I learned that I don’t have to be in control, that I don’t have to be able to fix everything, that I don’t need to have every aspect of my life to be perfect (or give the illusion of being perfect). I learned that God really is in control, that I need to give up control to Him and allow Him to lead my life. That He has great things in store for me – if I just get myself out of the way and have faith. I can list nearly 50 “Gracers” and a handful of others that have been paramount in my journey- I thank you all!

I failed to mention that while I was in Foundations, my wife filed for divorce. Initially, and for a few moments, I was stunned. Then, I was crushed. But God had led me to Grace Community Church and had built a safety net around me me. Initially, I hung on to – “For I can do everything through Christ who gives me strength” (Phil 4:13). Later, I grabbed on to – “We can rejoice, too when we run into problems and trails, for we know that they help us build endurance. And endurance develops strength of character, and character strengthens our confident hope of salvation.” (Rom 5:3-4). Nearly immediately, I started in Divorce Care. My first two years at Grace, I was absorbing everything I could, Clearly, my heart had been been operating on empty for some time -just waiting to be filled with the Holy Spirit.

So, where am I now? I am changed. My priorities are very different, my demeanor and actions changed. I pray in stores, restaurants, in front of others, in parking lots, between meetings, wherever. I talk to people about my growing relationship with the Lord, with coworkers, even with strangers on airplanes! I focus on individuals more. I’m more caring, more patient, a better listener. I’m better at prioritizing people and relationships above other activities. I spend my resources differently.

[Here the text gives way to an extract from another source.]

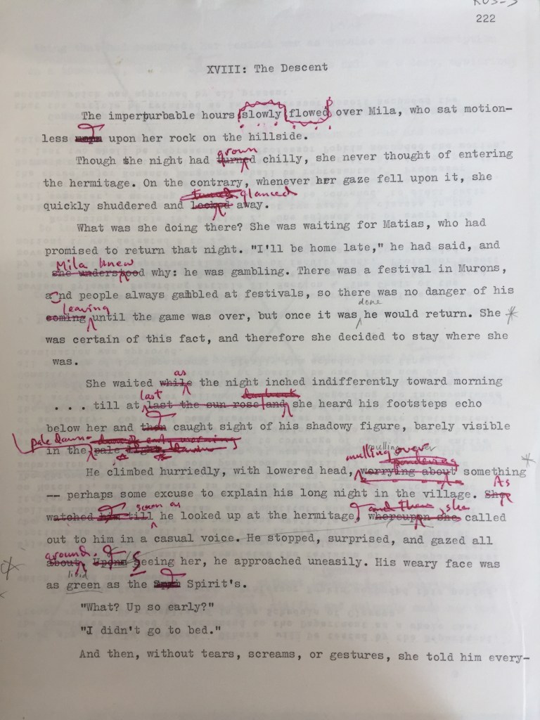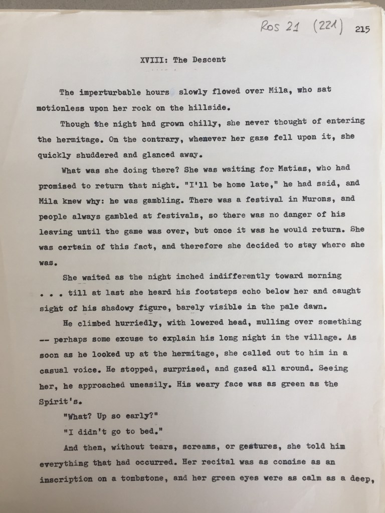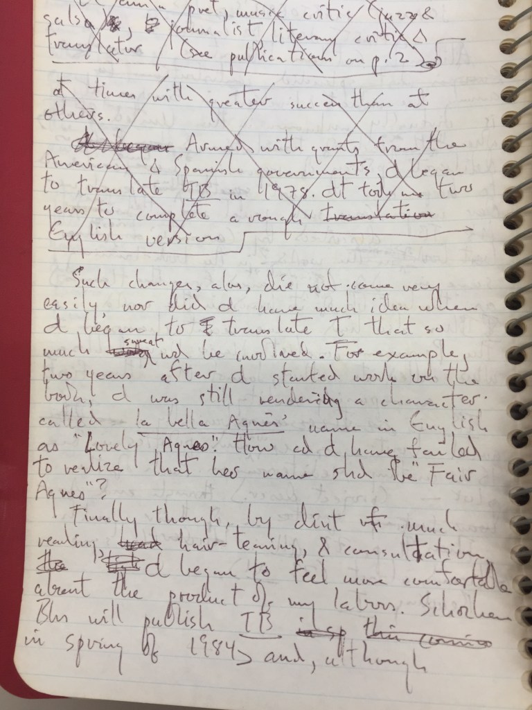 Another salient feature of these drafts is that simplifications never bend back toward more complex solutions, which would in many cases be closer to the original. There are moments where we see choices become more simplified, but never the reverse. (The only exception to this is that the Anglicization of Ànima’s name as The Spirit is reverted back, merely without the accent. If only the correspondence with the editor was also saved!) This is something worth pondering—or thinking about, or mulling over—for its implications: would the final product be better served by an approach that was more “foreignizing” in the Venuti vein, or literal, or “thick” in the Appiah definition, or just more time sitting with the messiness of a plain old awkward early draft?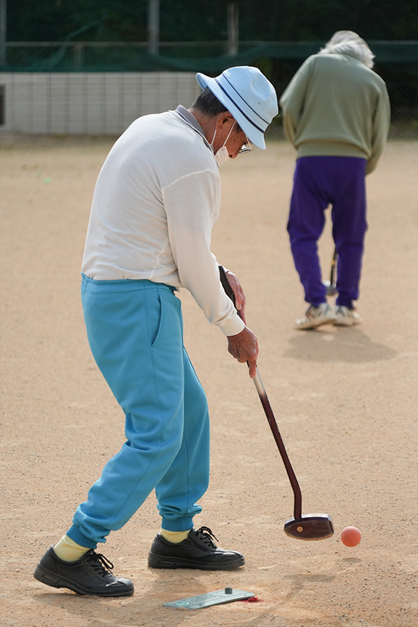 グラウンドゴルフでは専用のクラブ、ボール、ホールポスト、スタートマットを使用して、ゴルフのようにボールをクラブで打ち、ホールポストにホールインするまでの打数を数え競います。

Yet, I am still a work in progress, I am far from the man that God created me to be. I am also far from the wreck I used to be! Now, I’m more flexible, more open to allowing Him to shape me as He sees fit.I still have a lot of questions and long to hear Him more clearly and more often. But I know that God is truth, that His knowledge is perfect, that He paid a huge price for all my sins (a price that I can never repay), that He has good things in store for me (far better than I could ever dream for myself). I am working to let go of my natural patterns and to trust Him more, with every aspect of my life.